Data Augmentation as Seq2Seq Generation
  • Definition: use the standard seq2seq model to generate the alternative delexicalised utterance. The basic assumption is that if d and d' contain the same semantic frames, they can be generated from each other.

  • Literature:

    • Hou, Yutai, et al. "Sequence-to-sequence data augmentation for dialogue language understanding." arXiv preprint arXiv:1807.01554 (2018).
Language-Model-Based Data Augmentation
  • Definition: fine-tune the language model (LM) using the provided dataset and synthesize labeled data. For different types of language models, including an auto-regressive LM like GPT-2, an autoencoder LM like BERT, and a pre-trained seq2seq LM like BART, a similar idea can be applied to these LMs for data augmentation.

  • Literature:

    • Anaby-Tavor, Ateret, et al. "Do Not Have Enough Data? Deep Learning to the Rescue!." AAAI. 2020.
    • Kumar, Varun, Ashutosh Choudhary, and Eunah Cho. "Data augmentation using pre-trained transformer models." arXiv preprint arXiv:2003.02245 (2020).
CVAE and CVAE-posterior (CVAE-p)
  • Definition: conditional VAE + prior sampling/posterior sampling

  • Literature:

    • Xu, Binxia, et al. "Data Augmentation for Multiclass Utterance Classification–A Systematic Study." Proceedings of the 28th International Conference on Computational Linguistics. 2020.

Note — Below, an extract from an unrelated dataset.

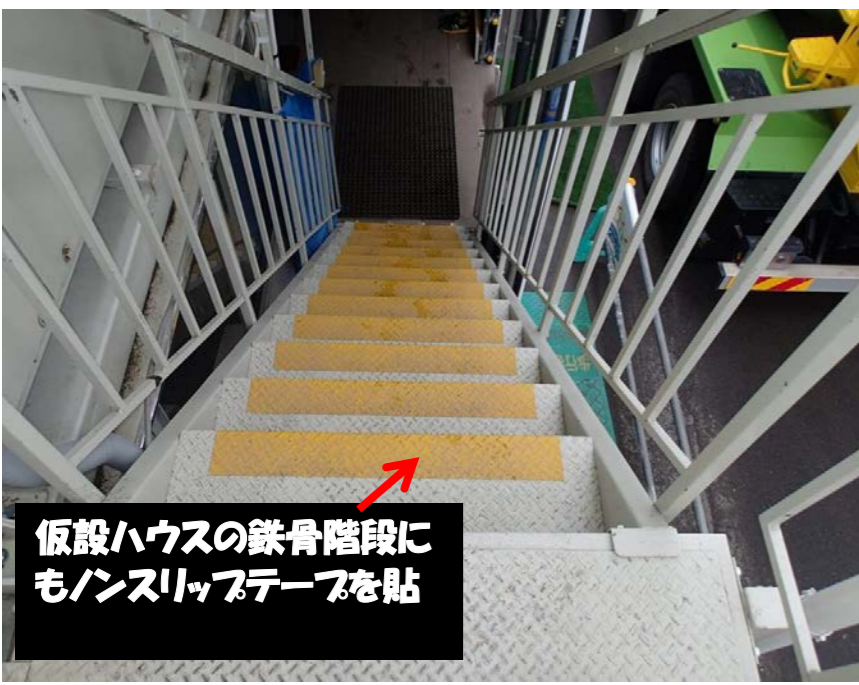
仮設ハウスの鉄骨階段にもノンスリップテープを貼

全災害の25%が転倒による災害 ⇒55歳以上が3分の1を占める建設労働者にとっては看過できない切実な問題

Adversarial Examples in Natural Language Processing

Researchers have made several contributions in applying Generative Adversarial Networks (GANs) in natural language processing. In this type of research, generating adversarial examples is a key step. It is motivated by two goals: attack and defense. The attack aims to examine the robustness of the target model and the defense takes a step further utilizing generated adversarial examples to robustify the target model. This paper provides a very comprehensive survey for related articles.

The key difference between text data augmentation and generating adversarial examples is: data augmentation aims to generate a new instance without changing its label. But an adversarial example should have different labels.

Supervised Approach

BAE: BERT-based Adversarial Examples

  • Definition: given a dataset (S,Y) and a trained classification model C, where S is the text and Y is the label associated with the instance, we want to generate an adversarial example S(adv) such that C(S(adv)) doesn't equal to Y. In addition, we expect S(adv) is grammatically correct and semantically similar to S. BAE generates new data instances by replacing or inserting tokens in the sentence, which is similar to the unsupervised approach. But it calculates the token importance for each token by deleting this word from S and compute the decrease in the probability of predicting the correct label. It also uses the label information to choose the generated sample.

    • Replace: replace the selected token with a mask token and use pre-trained BERT to predict it
    • Insert: insert a mask token and use BERT to predict the word
  • Literature:

    • Garg, Siddhant, and Goutham Ramakrishnan. "BAE: BERT-based Adversarial Examples for Text Classification." arXiv preprint arXiv:2004.01970 (2020).